Agness – That’s what I always try to do: keep smiling!

Jennifer – You’re right – we can’t do much! Luckily I wasn’t stopped this time…

alex loaiza January 3, 2013 - 5:25 am

You can have a very hard time with them. In 2010 i was coming to the US from Colombia and I landed in Miami, which was the worst experience. They went through every single thing on my bag and asked a thousand questions. Why are you bringing so much coffee? Why so much candy? And then trying to intimidate me and make me believe that i had drugs on me, which at the end i was thinking to myself… Maybe someone put drugs in my bag. Maybe i have something illegal. It was too much. They really treated me like a criminal and at the end they said…. Ok! pick up your stuff and leave. All my clothes were on the floor and i had to pick them myself, put them back in the suitcase and leave.

Finishing a Trip or Moving On? Before You Leave, Read This - This Battered Suitcase February 5, 2014 - 2:23 am

[…] Prepare yourself for customs. I’ve written about this before, but basically, know your own life. It’s harder than it might first appear, especially if you travel often. I can’t tell […]

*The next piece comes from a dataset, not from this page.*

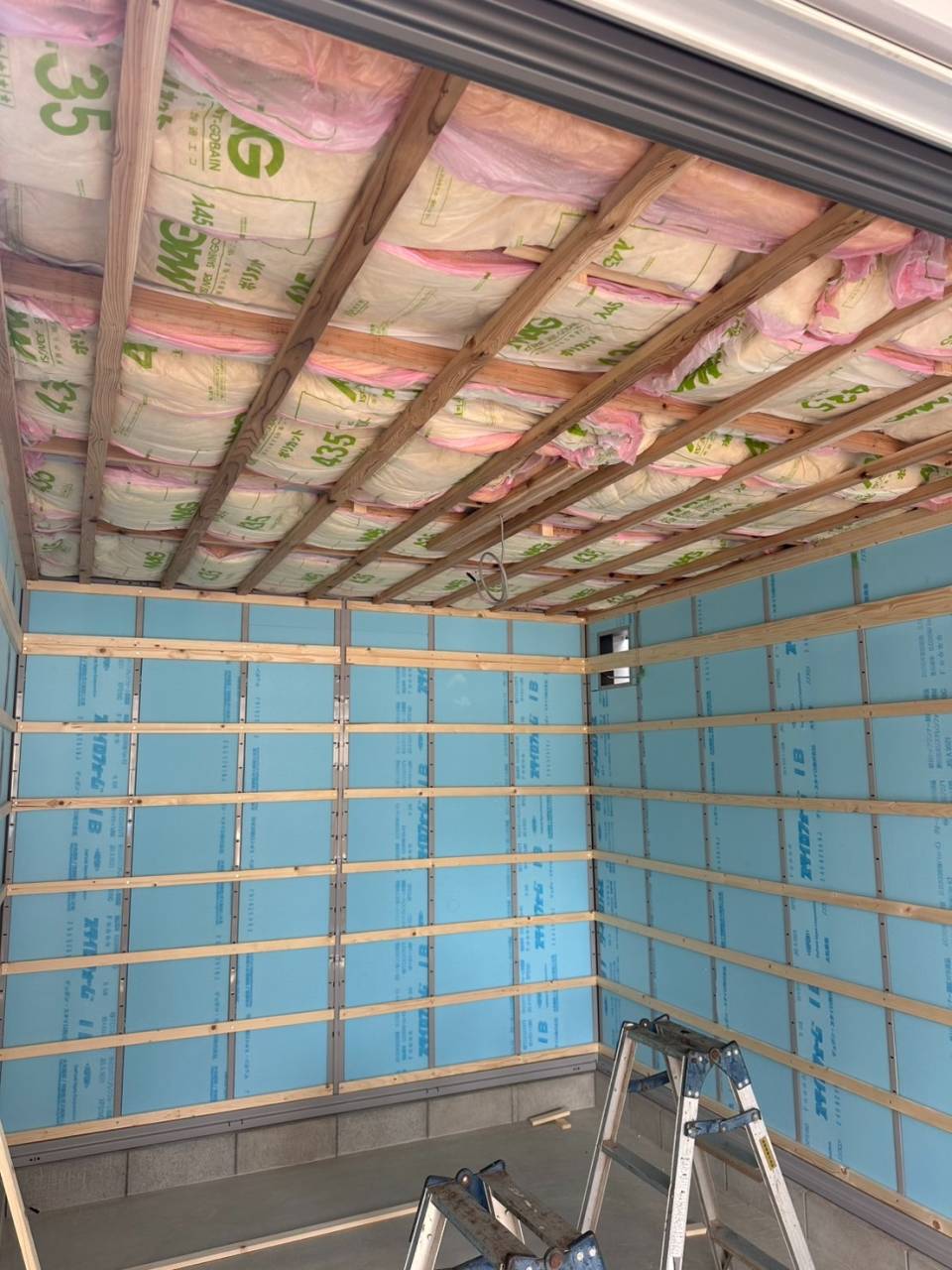 天井にグラスウール、壁にスタイロで断熱は完璧です!!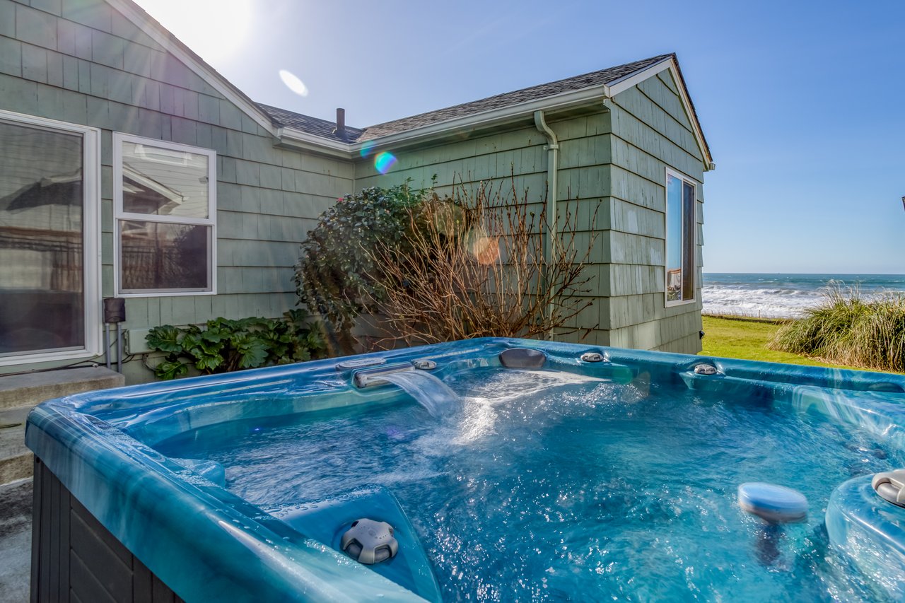 A bonus room with TV opens to a patio with table, chairs and a gas barbeque. A door from the living room takes you to a huge wooden deck for sunning behind a glass wind-screen wall. That area adjoins a vast expanse of lawn complete with Adirondack chairs for a sweeping view south to the rocks of Fogarty Creek Point and north to hazy Cascade Head, with a sparkling horizon of ocean, surf and sand in between. A concrete ramp from the property leads to a few stairs and a sandy slope right to the beach, so the kids can run seamlessly from games on the lawn to digging in the sand.

Kailey April 24, 2014 - 9:33 pm

Why is it your home country gives you the most trouble? When I moved to Australia they did not ask me one question. Just smiled and said Welcome to Australia! When I moved back? Oh dear god.. “Why were you there? What were you doing? Why did you only live in Sydney? How much money do you have? What part of Nevada were you born in? “uhmm I wasn’t?…” Exactly.. so where were you born?” SERIOUSLY?